• [Source data]:
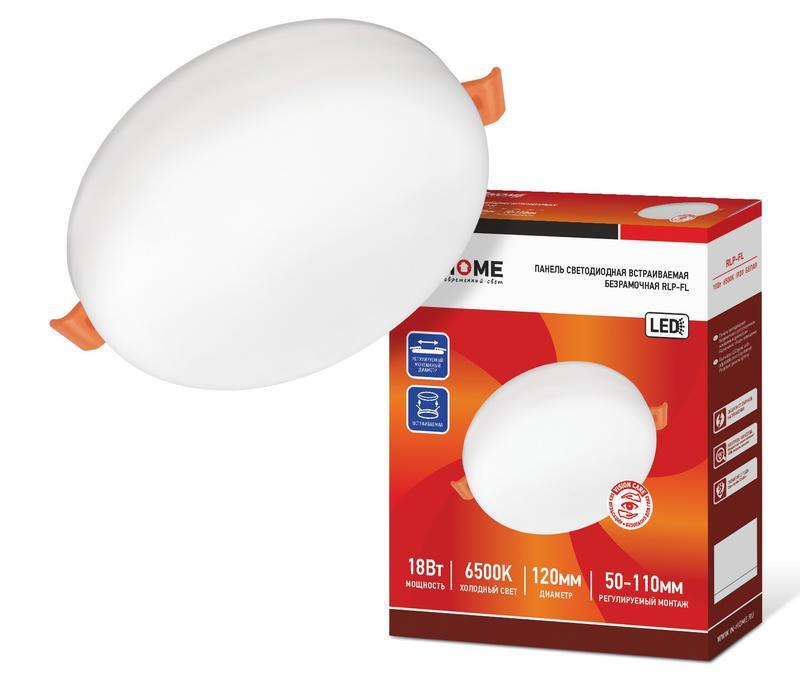 Светильник светодиодный RLP-FL 18Вт 6500К IP20 1620лм 230В 120мм с рег. монтаж. 45-100мм встраив. безрамочн. панель бел. IN HOME 4690612036731
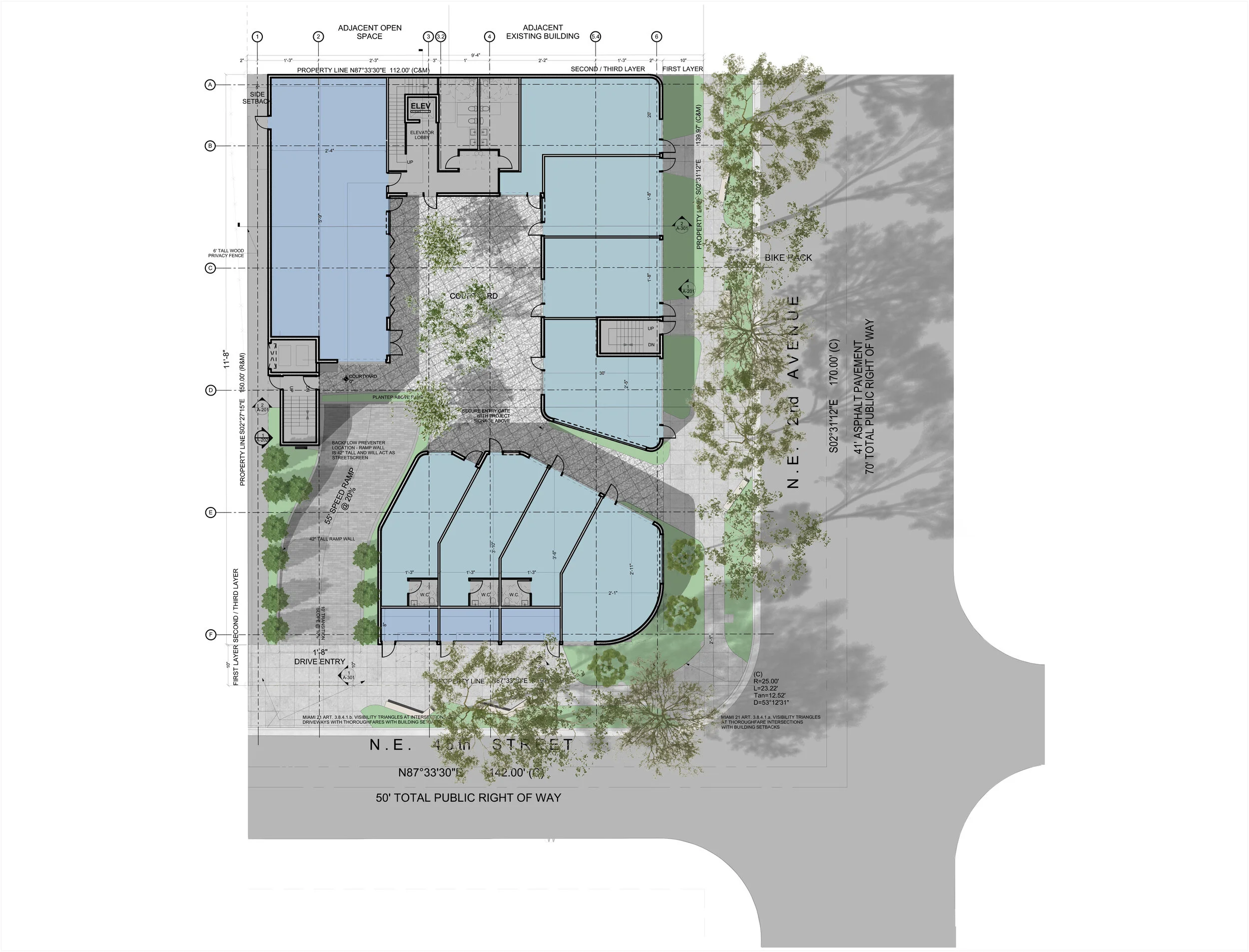 The project will offer small scale retail and dining options positioned around an internalized open air courtyard. Anticipated tenant spaces will range between 500-1,500 square feet. Frontages facing the commercial avenue, NE 1st Avenue, will generally accommodate larger retail tenants, while the tenants fronting the residential street, NE 1st Avenue will be convenience centric, focusing on neighborhood desired services and amenities.
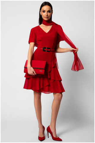 A feminine short dress with flounces. The viscose lining enhances comfort. The cut fits all body types perfectly and elegantly conceals any imperfections. Paired with statement jewelry and Luna shoes, you’ll achieve the perfect outfit for any occasion.
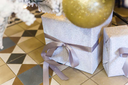 Bright silver gifts in packaging and with bows under the Christmas tree on the floor. Christmas decorations. Christmas background. Beautiful holiday decorated room with Christmas tree with presents under it.
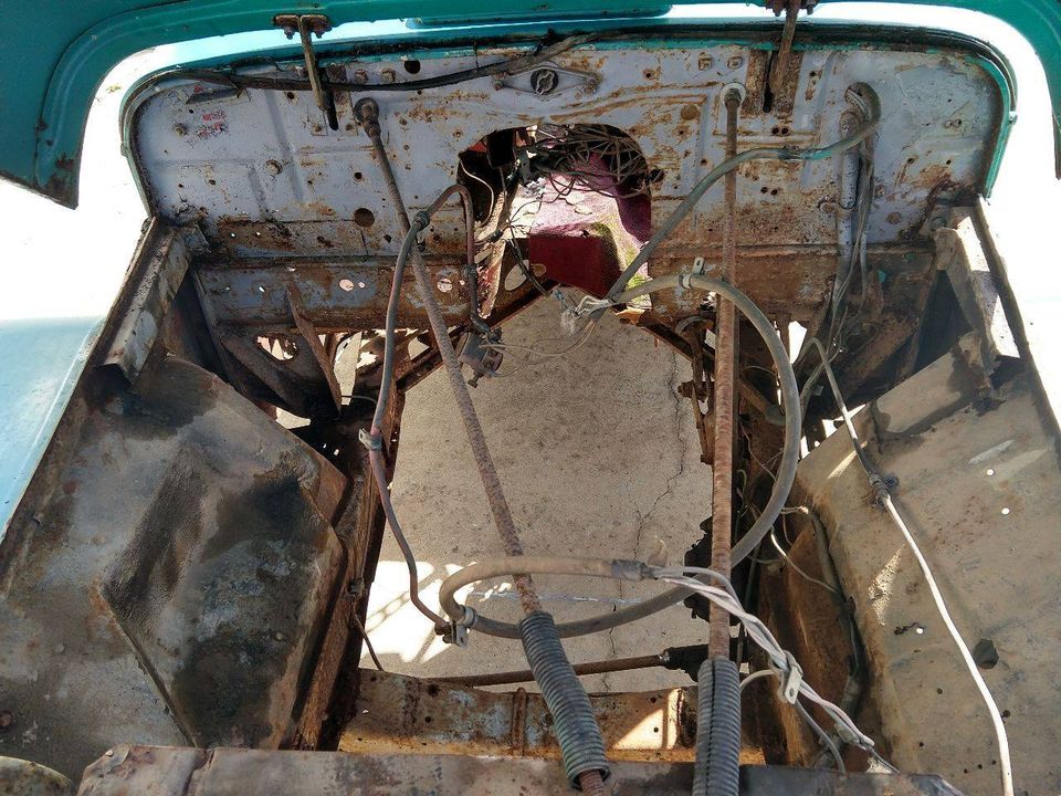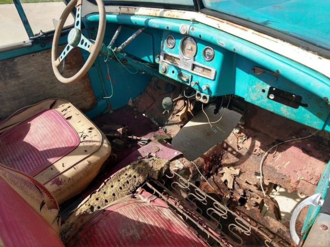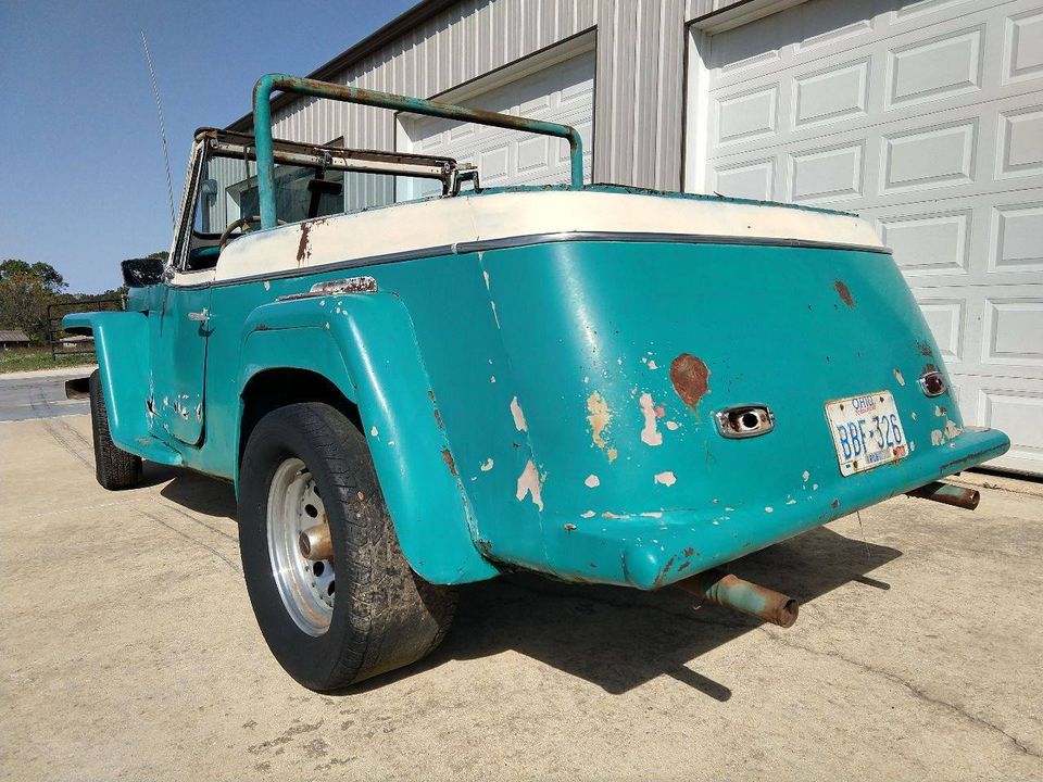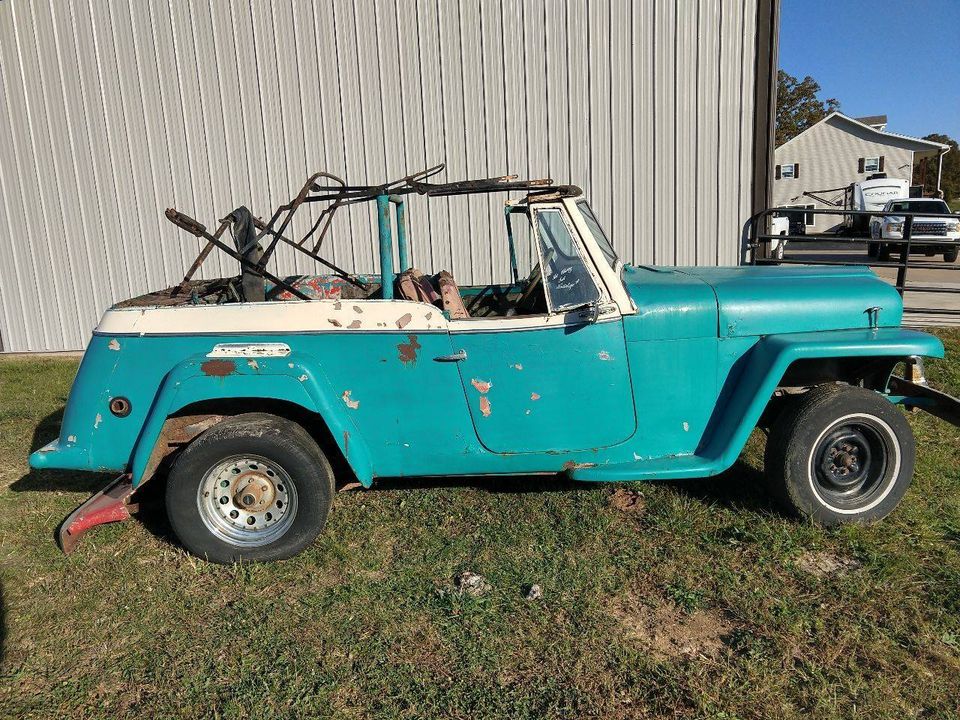 “1950 Willy’s Jeepster Roadster Convertible. Only made for 3 years. No drivetrain. Very rusty. Frame and floorboards are rusted through. Rat rod, yard art or parts car. It does have all chrome trim, front and rear bumper, filler panel, spare tire ring, top frame, gauges, glovebox. Lots of original parts”

• [Your task]:
Give again, word for word, the line that contains "A feminine short" and every line after it through the end of the entries; omit the pictures.

• [Exercise answer]:
 A feminine short dress with flounces. The viscose lining enhances comfort. The cut fits all body types perfectly and elegantly conceals any imperfections. Paired with statement jewelry and Luna shoes, you’ll achieve the perfect outfit for any occasion.
 Bright silver gifts in packaging and with bows under the Christmas tree on the floor. Christmas decorations. Christmas background. Beautiful holiday decorated room with Christmas tree with presents under it.
 “1950 Willy’s Jeepster Roadster Convertible. Only made for 3 years. No drivetrain. Very rusty. Frame and floorboards are rusted through. Rat rod, yard art or parts car. It does have all chrome trim, front and rear bumper, filler panel, spare tire ring, top frame, gauges, glovebox. Lots of original parts”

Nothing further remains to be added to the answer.